The SECURE Act 2.0, short for Setting Every Community Up for Retirement Enhancement, is a continuation and expansion of the retirement efforts that began with the original SECURE Act of 2019. Passed into law in 2022, SECURE 2.0 is designed to broaden access to retirement savings, increase flexibility for plan participants, and simplify plan administration for sponsors.

Key Highlights of SECURE Act 2.0

This legislation introduces a wide range of updates to existing retirement rules. Among the most notable:

  • Automatic Enrollment: Employers sponsoring new 401(k) or 403(b) plans must automatically enroll eligible employees at a minimum contribution rate of 3%, unless the employee opts out
  • RMD Age Increase: The Required Minimum Distribution age has been raised from 72 to 73, giving participants more time to grow their retirement savings
  • Emergency Savings Options: Employers may offer an emergency savings account within a 401(k), allowing employees limited access to funds via loans or hardship withdrawals for emergency situations

Long-Term Part-Time (LTPT) Employee Provisions

Under previous rules, employees could be excluded from participating in a retirement plan if they did not meet the threshold of 1,000 hours worked during a plan year – depending on the provisions of your plan document.

SECURE Act of 2019

  • The original SECURE Act, effective January 1, 2021, introduced the concept of Long-Term Part-Time employees
  • It required plan sponsors to allow participation for part-time employees who worked at least 500 hours for 3 consecutive years

SECURE Act 2.0 of 2022

  • Effective January 1, 2023, it reduces the consecutive service requirement from 3 years to 2, while maintaining the 500-hour minimum
  • This means that part-time employees who work at least 500 hours in each of the 2 consecutive years will become eligible to participate, given that the employees meet the minimum age and other eligibility requirements
  • This legislation took into effect January 2023 so we will see LTPT employees begin to qualify for plan year 2025 if they meet the minimum hour requirement

Anticipated Financial Impact on Plans

With the reduction in service requirements for Long-Term Part-Time employees, we should expect an increase in the number eligible employees for the given year. This will most likely have a linear increase in both administrative costs and contributions beginning 2025.

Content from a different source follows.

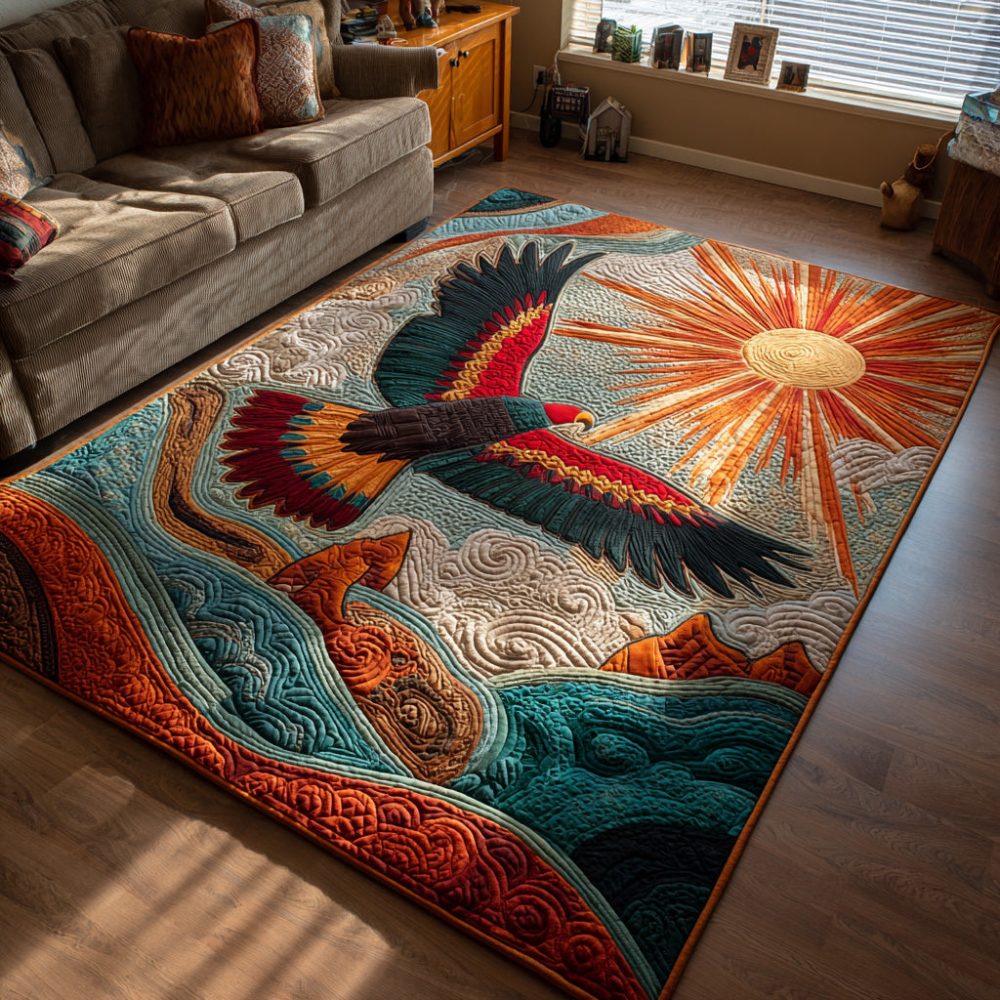 eagle sunrise rug,decorative area rug,warm tone rug,low-pile rug,fade resistant rug,rustic area rug,living room accent rug,cabin rug

What This Means for Plan Sponsors and Auditors

For plan administrators, this provision requires enhanced tracking and recordkeeping of part-time employee hours—specifically those who fall into the 500–1,000 hour range annually. Plan sponsors must ensure accurate eligibility monitoring to comply with inclusion rules starting in the 2025 plan year.

For auditors, this change will affect eligibility testing procedures and could result in additional documentation and testing around part-time employee tracking, inclusion, and entry timing. It also heightens the importance of strong internal controls related to payroll data and service tracking.